Il Tribunale di Lucca con la sentenza n. 750/2020 del 4 Settembre, in linea con le precedenti pronunce, ha condannato nuovamente Banco BPM a restituire a favore di  un risparmiatore della Garfagnana   una somma pari alla differenza tra il prezzo pagato per l’acquisto dei diamanti ed il valore effettivo, stimato sulla base dei criteri derivanti dai listini Rapaport

La causa riguardava l’acquisto di diamanti presso la filiale di Banco Popolare, ora BPM di Piazza al Serchio, effettuati da numerosi risparmiatori, che poi si sono rivolti al tribunale, rappresentati e difesi dall’Avv. Francesco Giordano, dello Studio Lexopera nonché responsabile dell’ufficio legale di AECI Firenze. 

Come in tutte le altre vicende il cliente era stato indotto dalla banca ad effettuare operazioni di acquisto di due diamanti, lasciati quindi in custodia presso la venditrice società “IDB S.p.a.” (Intermarket Diamond Business).
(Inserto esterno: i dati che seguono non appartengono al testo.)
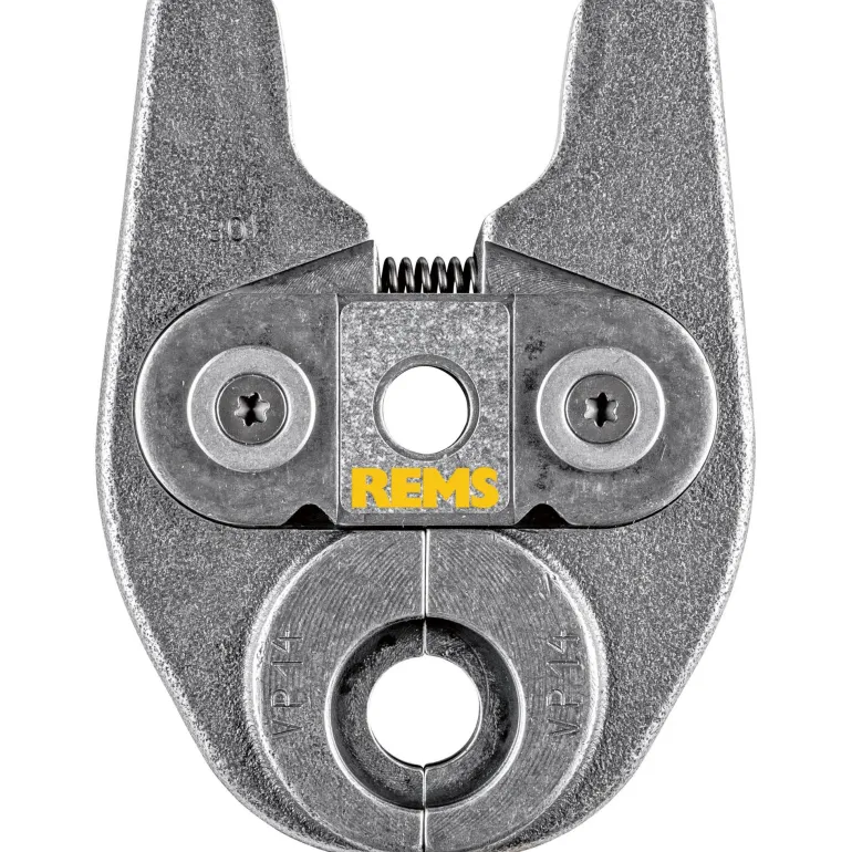 REMS 578480 Mini on kääntyvä yksilohkoinen puristusleuka, VP-kuvio, tyyppi VP 14 (PZ-2B). Puristusleuassa on erittäin kestävä, kompakti ja kevyt rakenne erikoissuunnitellun puristuspihtiliitännän ansiosta. Käytetään koneilla REMS Mini-Press ACC ja REMS Mini-Press 22 V ACC. Puristuskuviot ovat järjestelmäkohtaisia ja vastaavat kyseisen puristusmuhvijärjestelmän puristuskuvioita. Tämä takaa moitteettoman yhteensopivuuden järjestelmän kanssa ja varman puristuksen. Puristusleuassa on erittäin tarkka ja mekaanisesti tarkka CNC-koneistettu pyöristetty puristuskuvio. Tällä tavoin valmistustoleranssit ovat huomattavasti pienempiä kuin vain valamalla valmistetuissa puristusleuoissa.

Il Tribunale di Lucca, ha ritenuto, anche questa volta, che deve ravvisarsi la responsabilità della banca, in via preliminare poiché é apparso subito evidente l’interesse dell’istituto alla conclusione dell’affare, giacché la Società Intermarket Diamond Business S.p.A., oggi fallita, garantiva alla stessa banca un corrispettivo per ciascuna segnalazione di potenziali clienti andata poi a buon fine. Inoltre, é emerso in via generale che diversi clienti avessero segnalato di essere stati indotti dal personale della Banca BPM ad effettuare l’acquisto delle pietre, con un ruolo attivo dello stesso personale, che illustrava e commentava i grafici prodotti dalla società IDB.
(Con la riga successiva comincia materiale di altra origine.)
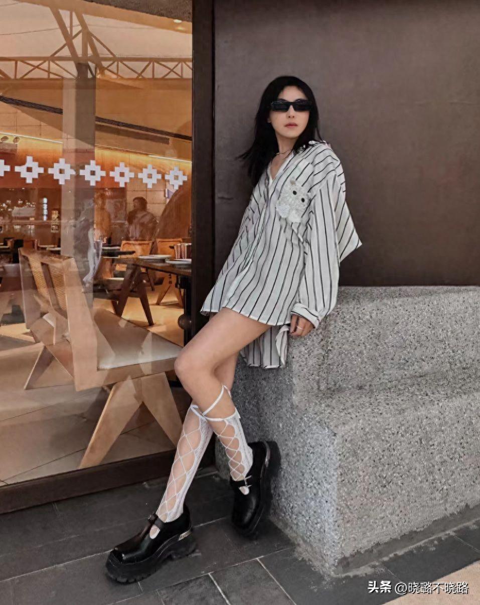厚底鞋子量感一般都比較大,所以需要跟短襪進行組合,形成一個過渡的功效,有了短襪的搭配之後,在視覺上還能拉長腿部比例,一鍵穿出大長腿!

Inoltre, secondo il Giudice, risulta evidente che il valore dei
diamanti acquistati dal cliente era di gran lunga inferiore al prezzo effettivamente pagato, e che gravava in ogni caso sulla Banca l’obbligo di informare il cliente su detta circostanza :

Prosegue, ancora, il Giudice, segnalando che la Banca avrebbe dovuto in particolare segnalare al proprio cliente l’effettivo o utilizzo delle somme da questi versate, specificando quali importi e in quale misura sarebbero stati destinati a servizi e  oneri aggiuntivi rispetto al mero acquisto delle pietre e giustificare in tal modo al proprio cliente il prezzo da questi pagato alla società IDB 

Inoltre, il Giudice evidenzia che l’attività di segnalazione della Banca era remunerata da parte della società venditrice, parendo davvero probabile che parte del prezzo fosse destinato a coprire le spese della società attinenti alla remunerazione della banca.
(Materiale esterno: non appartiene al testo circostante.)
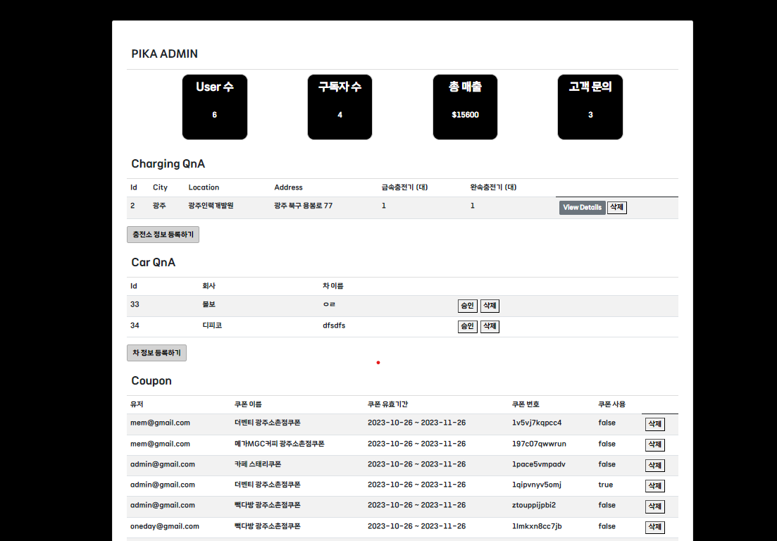 - QnA 리스트 (승인/삭제)
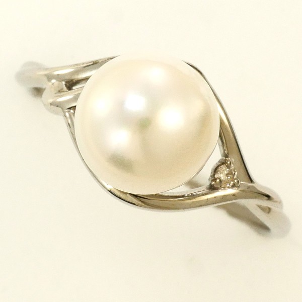 エステール K10WG リング 指輪 10号 パール(真珠) 約8mm ダイヤ 総重量約2.1g 中古ジュエリー
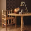 Planche à découper en olivier, 45 ¤. Pichet en céramique beige, 60 ¤. En pile, de bas en haut : assiette à liseré noir, 13 ¤ l'une, assiette en porcelaine blanche, 19,70 ¤ ; les trois bols verseurs en céramique, 59 ¤. Le tout, The Conran Shop. Table en chêne massif verni mat (120 x h. 74 cm), 850 ¤, Habitat. Suspension en contreplaqué (h. 54 cm), 65 ¤, Habitat.
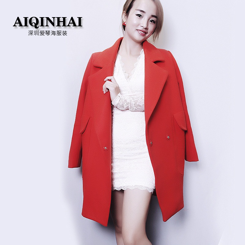 2015女裝冬季新款羊絨大衣橘紅色外套女式毛呢大衣外套女 /

La decisione di condanna si fonda anche sulle risultanze contenute della relazione dell’Autorità Garante della Concorrenza e del Mercato che aveva sanzionato sia le banche che la società IDB  per la rappresentazione parziale, ingannevole e fuorviante dell’investimento in diamanti quale “bene rifugio”, per la rappresentazione del prezzo, qualificato come “quotazione di mercato” ma in realtà non corrispondente a tale concetto, per la rappresentazione, non oggettiva e non corrispondente alla realtà, dell’andamento del mercato dei diamanti e, infine, per la qualifica soggettivamente attribuita alla “IDB” di “leader del mercato”.

Il valore da corrispondere all’attore sarà, secondo detta ultima sentenza e  in linea con i precedenti sul punto, pari alla differenza tra la somma complessiva pagata ed il valore effettivo dei diamanti come emerso dalla produzione del listino Rapaport.